BAB 6

402 103 15
                                    

Halo !!
Apa kabarnya?

Maaf aku baru sempat update lagi karena aku benar-benar lagi sibuk sekali 😿 tapi terima kasih untuk yang masih setia menunggu. Aku sangat mengapresiasi karena setia itu mahal. Dan janjiku akan update itu bukan sebuah kebohongan ☺😸

Selamat membaca Bulan Prasbiru !!

1.

Pergerakanku terhenti kala mendengar suara dering telepon. Dengan asal kuletakkan kanvas lukisnya, lalu segera mengambil ponselku.

“Buna!”

Halo, Kak! Apa kabar, Kak? Buna kangen.”

“Kakak juga, Bun. Kangen banget. Gimana kabar Buna, Pupa sama Abang?”

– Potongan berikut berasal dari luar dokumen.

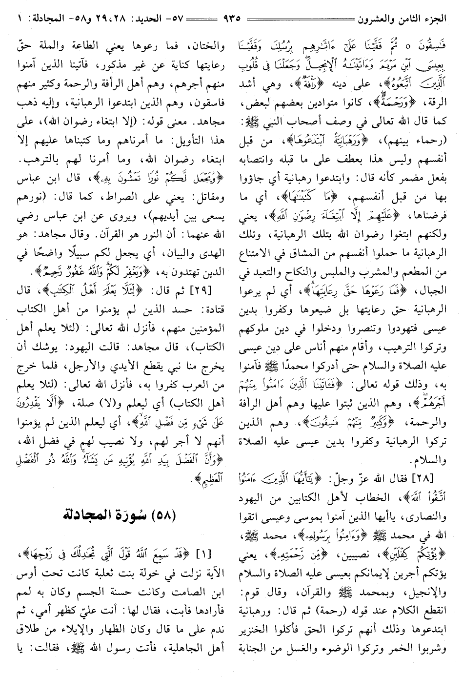 [28] فَقَالَ اللَّهُ عَزَّ وَجَلَّ: {يَا أَيُّهَا الَّذِينَ آمَنُوا اتَّقُوا اللَّهَ} [الحديد: 28] الْخِطَابُ لِأَهْلِ الْكِتَابَيْنِ مِنَ الْيَهُودِ والنصارى، يَا أَيُّهَا الَّذِينَ آمَنُوا بِمُوسَى وَعِيسَى اتَّقَوْا اللَّهَ فِي مُحَمَّدٍ صَلَّى اللَّهُ عَلَيْهِ وَسَلَّمَ {وَآمِنُوا بِرَسُولِهِ} [الحديد: 28] مُحَمَّدٍ صَلَّى اللَّهُ عَلَيْهِ وَسَلَّمَ، {يُؤْتِكُمْ كِفْلَيْنِ} [الحديد: 28] نصيبين، {مِنْ رَحْمَتِهِ} [الحديد: 28] يَعْنِي يُؤْتِكُمْ أَجْرَيْنِ لِإِيمَانِكُمْ بِعِيسَى عَلَيْهِ الصَّلَاةُ وَالسَّلَامُ وَالْإِنْجِيلِ، وَبِمُحَمَّدٍ صَلَّى اللَّهُ عَلَيْهِ وَسَلَّمَ وَالْقُرْآنِ، وَقَالَ قَوْمٌ: انْقَطَعَ الْكَلَامُ عِنْدَ قوله (رحمة) ثم قال: وَرَهْبَانِيَّةٌ ابْتَدَعُوهَا وَذَلِكَ أَنَّهُمْ تَرَكُوا الْحَقَّ فَأَكَلُوا الْخِنْزِيرَ وَشَرِبُوا الْخَمْرَ وَتَرَكُوا الْوُضُوءَ وَالْغُسْلَ مِنَ الْجَنَابَةِ وَالْخِتَانَ، فَمَا رَعَوْهَا يَعْنِي الطَّاعَةَ وَالْمِلَّةَ حَقَ رِعَايَتِهَا كِنَايَةً عَنْ غَيْرِ مَذْكُورٍ، فَآتَيْنَا الَّذِينَ آمَنُوا مِنْهُمْ أَجْرَهُمْ، وَهُمْ أَهْلُ الرَّأْفَةِ وَالرَّحْمَةِ وَكَثِيرٌ مِنْهُمْ فَاسِقُونَ، وَهُمُ الَّذِينَ ابْتَدَعُوا الرَّهْبَانِيَّةَ، وَإِلَيْهِ ذَهَبَ مُجَاهِدٌ.

Alhamdulillah sehat, Kak. Gimana sekolah di Bandung? Ada yang jahat nggak?

“Seru, Bun! Teman-teman baik semua. Ada Arum, Dira, Adit, Ranin, banyak deh pokoknya. Kakak sering main ke rumah Adit soalnya nggak jauh dari sekolah gitu, Bun. Kan sekolah Kakak juga nggak jauh dari kantor Ayah.” Nada bicaraku ceria sekali.

Iya, Ayah bilang ke Buna begitu. Ayah bilang, kamu udah nggak dijemput kalau pulang sekolah?

Aku terdiam sejenak. “Iya, Bun. Kakak pengen naik angkutan umum aja sama teman-teman yang searah. Lagi juga, Bun, Kakak nggak mau ganggu waktu Ayah. Kadang kan Kakak pulangnya nggak nentu. Jadi Ayah suka repot kalau mau jemput Kakak.”

Iya juga. Kasian Ayah jadi bulak-balik. Ya namanya juga anak satu-satunya perempuan. Takut kenapa-napa, jadi dibela-belain capek. Ayah sayang kamu, Kak.

Aku tersenyum. Duh, rasanya teduh sekali kalau bicara dengan Bunaku.

“Bun, Pupa batuk-batuknya udah mendingan apa gimana?"

Telepon hening sejenak. “Minggu kemarin sudah ke dokter lagi. Sudah dikasih obat yang lebih bagus katanya. Ya alhamdulillah mendingan. Progressnya semakin membaik.”

Aku menghela napas. “Bilang Pupa, Bun, nggak usah sibuk kerja terus. Hidup Kakak juga kan sekarang udah ditanggung Ayah. Pupa nggak usah sepenuhnya. Kakak baik-baik aja di sini. Ayah juga lancar terus, Bun.”

Ayah sehat, Kak?

“Sehat, Bun. Kakak sering diajak jalan berdua sama Ayah. Nggak jarang juga kalau Kakak mau tidur suka nemenin. Dia sering bilang gini tahu, Bun, ‘Anak Ayah cantik kayak Ibunya yang di Jakarta’.”

Suara di seberang telepon menghela napas.

Kangen, pengen kumpul bertiga.”

Pelupuk mataku mulai membasah. Itu cita-citaku. Bisa kumpul dalam satu rumah dengan orang tua kandung. Seandainya bisa, bahkan kata paling manis saja tidak sampai tergambarkan.

“Bandung nggak kalah menyenangkan dari Jakarta, Bun. Kakak boleh cerita?”

Percakapanku dengannya membeku sejenak. Aku rasa ia tahu apa yang ingin aku utarakan lewat telepon hari itu. Pula, sebenarnya membicarakan hal tersebut memang kemauanku sejak awal. Aku tidak ingin mengurung namanya dari keluargaku.